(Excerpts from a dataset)
----------------------------------------

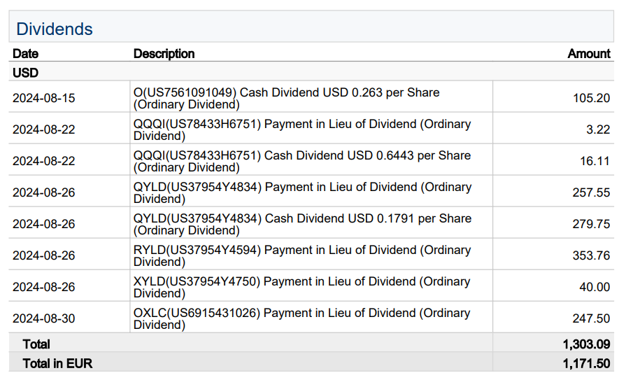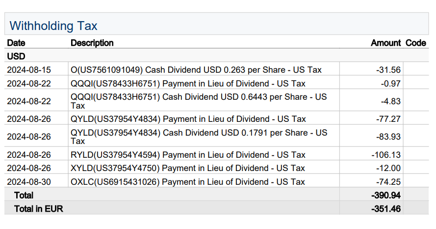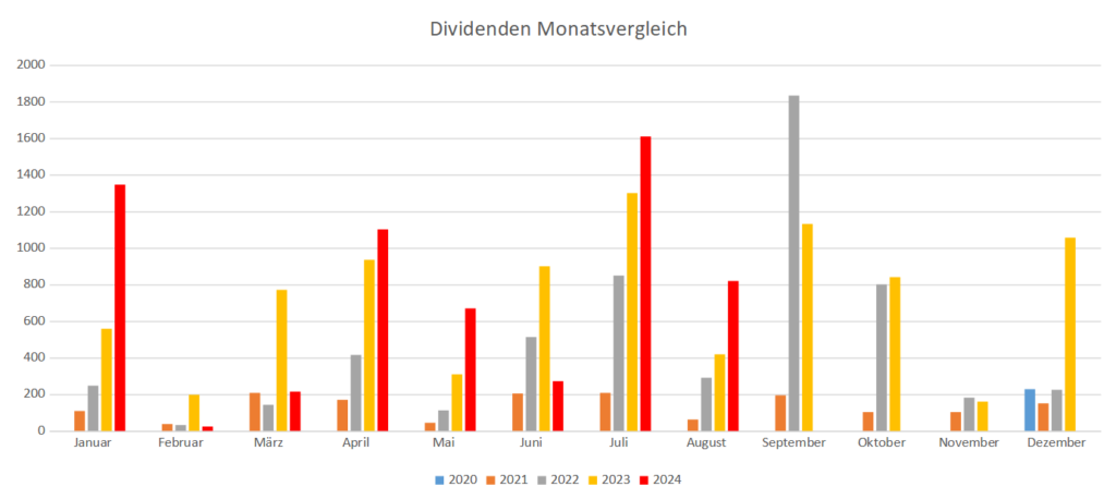 Seit der Verwendung der TWS bei Captrader habe ich Dividenden immer Brutto angegeben, also ohne Steuerabzug. Solche Betrügereien machen das Ego glücklich, verzerren aber die Wahrheit. Deshalb zeige ich ab sofort den Nettowert der Ausschüttungen, welche bei meinem Depot ankommen. Im Vergleich zu den alten Daten führt das zu einer Verzerrung. Ich bitte um eine harte und gerechte Strafe. Für den vergangenen Monat muss ich noch einen Nachzügler melden, da war ich mit dem Money Report etwas voreilig. Ich habe die u.a. Auswertung für Juli 2024 rückwirkend auf das Nettoergebnis angepasst:
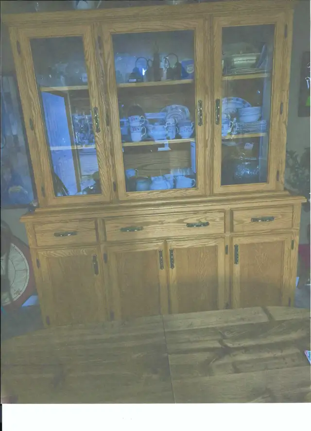 Solid oak China cabinet asking only $500.00 or best offer. Top section has glass doors, great for displaying your favorite dishes. Bottom part has three drawers and three cabinet doors. Hardware is decorative. Dimensions are: Width 20 inches, Length 68 inches, Bottom part height 36 inches, Top part height 42 inches, Top part width 60.5 inches.......From the intersection of Hwy 16 across from Flaman Equipment a turn west onto Auction Mart Road (71st Street) drive west 4 km to the STOP sign at intersection (71st Street and Range Road 3062, turn right and drive north 1.4 km to the second Driveway with a Canadian Flag over a sign EandEacres 3'x6'. The driveway has a blue RM sign showing "475" 639-525-3077 We are back Home by 2:00PM this afternoon
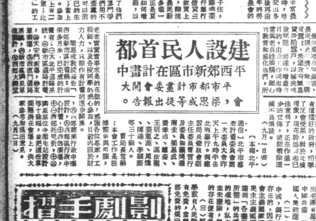 香港《大公报》1949年9月15日刊发的关于北平西郊新市区计画进展的消息,“北平市都市计画委员会第一次委员大会昨天上午九时半在北海举行。到建设局长兼该会副主任委员曹言行及委员和顾问华南圭、梁思成、费孝通、钟森、王明之、冯法禩、裘祖源、周炜、陈达、李颂琛等三十余人”,“梁思成教授报告西郊新市区计画称:两个多月来,已完成的计画有:㈠大北平道路系统,㈡新市区道路计画,㈢天安门广场,㈣东单广场,㈤西直门道路系统,㈥新市区邻里单位设计,㈦西郊大礼堂,㈧西郊将来行政中枢设计,㈨西郊区行政中心计画,㈩西郊广场,㈩㈠西郊托儿所,㈩㈡邻里单位中卫生站设计等十余幅,并把这些草图悬挂在会场上,供大家参考和提出意见”
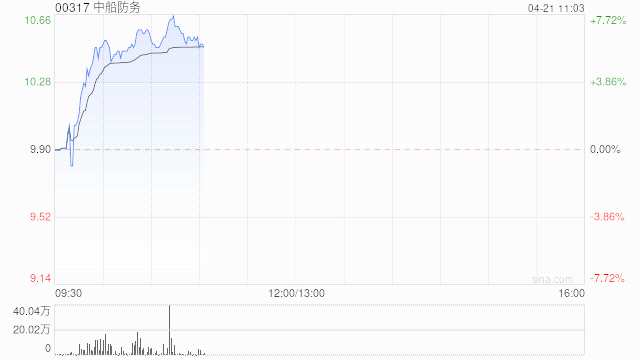 中船防務(wù)(00317)早盤上漲7.27%,報(bào)10.62港元,成交額3770.11萬港元。
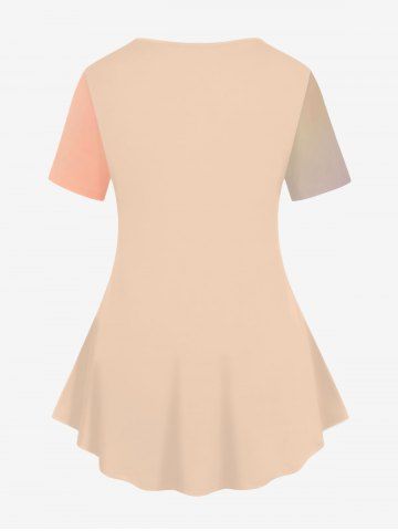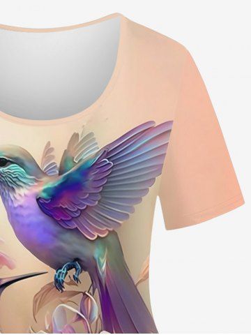Plus Size Birds Flowers Watercolor Ombre Print T-shirt - Champagne - L

----------------------------------------

** Task item **
Set down all the lines above exactly as they appear, with no pictures.

** Answer area **
 Seit der Verwendung der TWS bei Captrader habe ich Dividenden immer Brutto angegeben, also ohne Steuerabzug. Solche Betrügereien machen das Ego glücklich, verzerren aber die Wahrheit. Deshalb zeige ich ab sofort den Nettowert der Ausschüttungen, welche bei meinem Depot ankommen. Im Vergleich zu den alten Daten führt das zu einer Verzerrung. Ich bitte um eine harte und gerechte Strafe. Für den vergangenen Monat muss ich noch einen Nachzügler melden, da war ich mit dem Money Report etwas voreilig. Ich habe die u.a. Auswertung für Juli 2024 rückwirkend auf das Nettoergebnis angepasst:
 Solid oak China cabinet asking only $500.00 or best offer. Top section has glass doors, great for displaying your favorite dishes. Bottom part has three drawers and three cabinet doors. Hardware is decorative. Dimensions are: Width 20 inches, Length 68 inches, Bottom part height 36 inches, Top part height 42 inches, Top part width 60.5 inches.......From the intersection of Hwy 16 across from Flaman Equipment a turn west onto Auction Mart Road (71st Street) drive west 4 km to the STOP sign at intersection (71st Street and Range Road 3062, turn right and drive north 1.4 km to the second Driveway with a Canadian Flag over a sign EandEacres 3'x6'. The driveway has a blue RM sign showing "475" 639-525-3077 We are back Home by 2:00PM this afternoon
 香港《大公报》1949年9月15日刊发的关于北平西郊新市区计画进展的消息,“北平市都市计画委员会第一次委员大会昨天上午九时半在北海举行。到建设局长兼该会副主任委员曹言行及委员和顾问华南圭、梁思成、费孝通、钟森、王明之、冯法禩、裘祖源、周炜、陈达、李颂琛等三十余人”,“梁思成教授报告西郊新市区计画称:两个多月来,已完成的计画有:㈠大北平道路系统,㈡新市区道路计画,㈢天安门广场,㈣东单广场,㈤西直门道路系统,㈥新市区邻里单位设计,㈦西郊大礼堂,㈧西郊将来行政中枢设计,㈨西郊区行政中心计画,㈩西郊广场,㈩㈠西郊托儿所,㈩㈡邻里单位中卫生站设计等十余幅,并把这些草图悬挂在会场上,供大家参考和提出意见”
 中船防務(wù)(00317)早盤上漲7.27%,報(bào)10.62港元,成交額3770.11萬港元。
Plus Size Birds Flowers Watercolor Ombre Print T-shirt - Champagne - L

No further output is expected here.